Even though a person has a valid visitor’s visa, a person is still subject to Section 214(b) of the Immigration and Nationality Act. That section of the law creates a presumption that any alien wanting to go to America intends to immigrate, unless that alien can prove otherwise (i.e. prove that he or she is not intending to immigrate). In other words, you must prove you have sufficient roots, ties, and connections to your home country, and a reason to return to your home country and not overstay in America. You must also be able to show proof of employment in your country.

Many people who apply for visitor’s visa, or those who already have visitor’s visas, run into problems when they cannot overcome this presumption. It must be stressed that a visitor’s visa can be canceled at the port of entry, at the discretion of the Immigration officer, if he believes you have “immigrant intent.”

In fact, I recently came across a case where a woman’s 10-year multiple B-1/B-2 visa was canceled at the port of entry, and she was put on the next flight out of the US. She thought that because she had a 10-year multiple visa, she could come and go to the US as often as she pleased, without any problems. However, at the airport, the CBP Officers were able to uncover the following facts and information:

On a previous visit, she was given 6 months, and applied for another 6-month extension. So she had just been in the US for almost one year. She tried to return to the US about 4 months later, for another “vacation.” When asked what she did on her last vacation, she told the Immigration Officer that she took care of her sister’s children in America. When asked what she would be doing on this vacation, she again said she would be taking care of her sister’s children. When she was asked how long she planned to stay on this vacation, she said “only about 2 weeks.” However, her luggage included two large balikbayan boxes full of clothes. So, the Immigration Officer wondered why, when she was only going to spend about 2 weeks in America, she needed so much clothing. (The Immigration Officer concluded that the balikbayan boxes had contained all her worldly possessions, and this was going to be her “final” visit to America.) She had not worked in the Philippines for over 2 years. Instead, she was relying on support from her sister in America. She has no property in the Philippines. Instead, she lived at an apartment in the Philippines owned by her sister in America. She only had $200 in her possession, which would not be enough for a person to support herself on a vacation. In her luggage, she had her job resume, which people on a vacation ordinarily do not take along with them.
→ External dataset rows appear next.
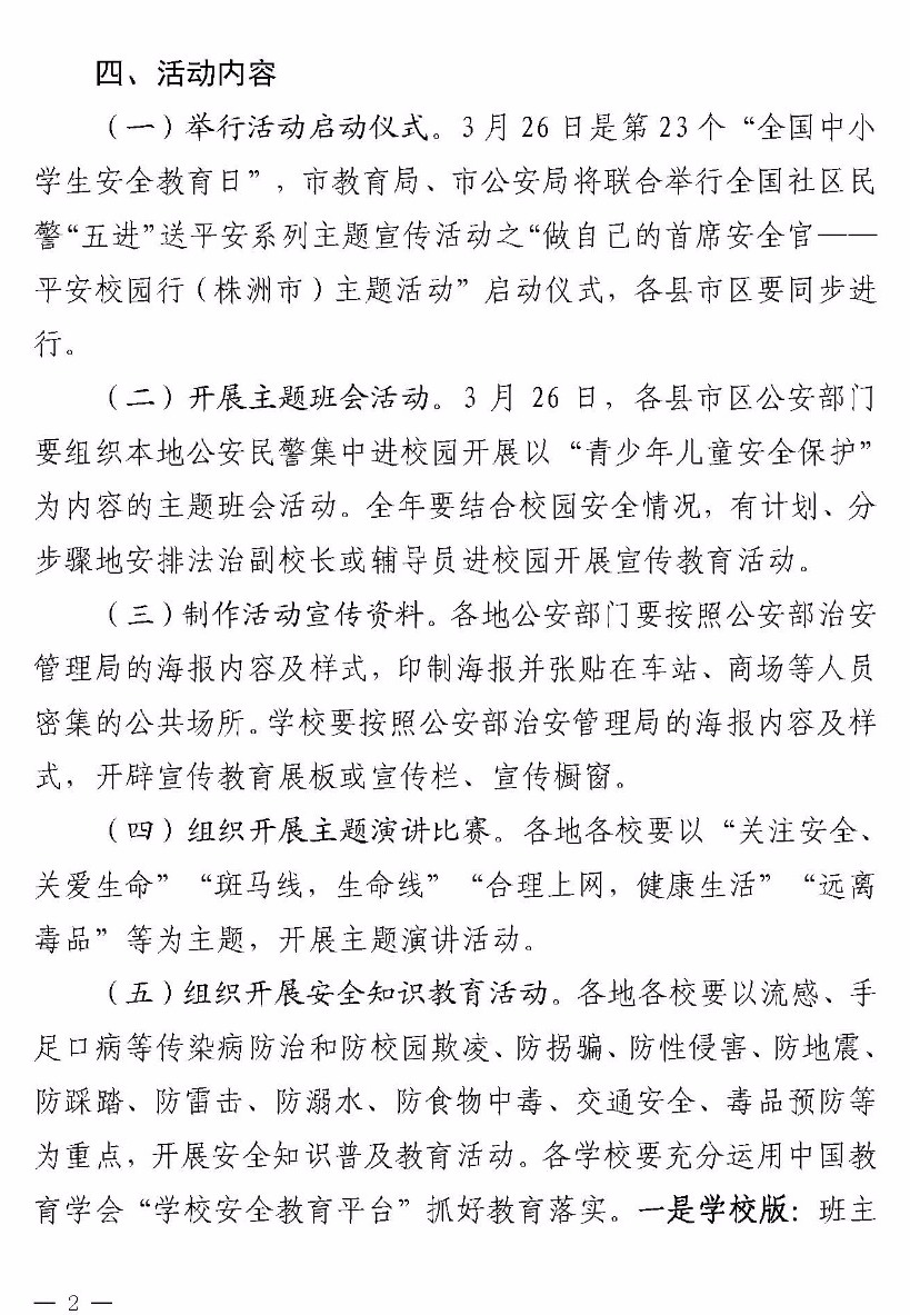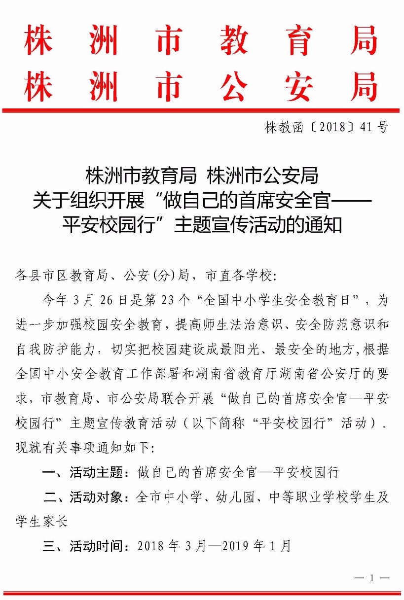 株洲市教育局 株洲市公安局关于组织开展“做自己的首席安全官”--平安校园行“主题宣传活动的通知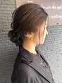 量が多く、硬めのミディアムヘアを柔らかく見せるようにおよばれスタイルにアレンジしました。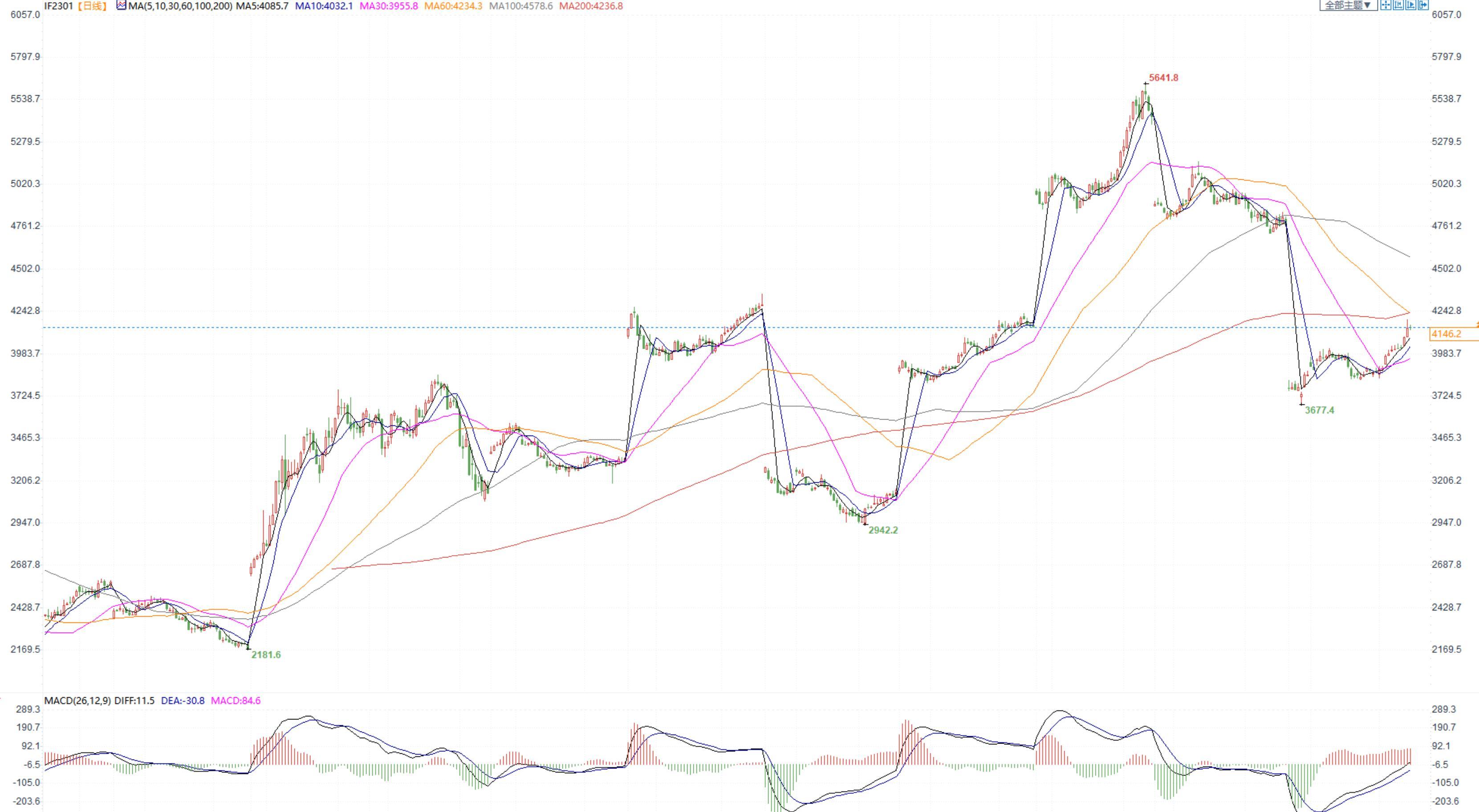 【今日涨跌】四大期指涨跌互现。IH2301收盘价为2832.6,收跌0.39%;IF2301收盘价为4147,收跌0.11%;IC2301收盘价为6137.2,收涨0.03%;IM2301收盘价为6608.2,收涨0.10%。

This woman had in her possession an Application to Extend/Change Nonimmigrant Status, along with information on how to obtain a Social Security number.
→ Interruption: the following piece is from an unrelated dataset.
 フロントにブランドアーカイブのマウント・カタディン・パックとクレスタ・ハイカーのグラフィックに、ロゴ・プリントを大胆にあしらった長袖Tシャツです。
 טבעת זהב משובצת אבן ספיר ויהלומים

The Immigration Officer ultimately concluded that she had been abusing her visitor’s visa and was treating it almost as though it were a green card. In other words, she could not overcome the “presumption” of immigrant intent. Therefore, her visitor’s visa was canceled, and she was sent back to the Philippines.

If you have a visitor’s visa, then it is certainly permissible to come to America to visit. However, if you really want to study or work in the US, then you must have the appropriate visa to do so, such as a student visa (if you want to study), or a temporary working visa (H-1B), which is a nonimmigrant visa for college graduates, who will be working in a job requiring, and related to, their college degree. You should seek the advice of a reputable attorney, who can analyze your situation, advise you of the various legal requirements, and determine if you are eligible or qualified for the immigration benefit you seek.

The lesson to be learned is don’t treat a visitor’s visa as though it were a greencard, because you may face the same problems as this unfortunate woman. Get the correct visa instead.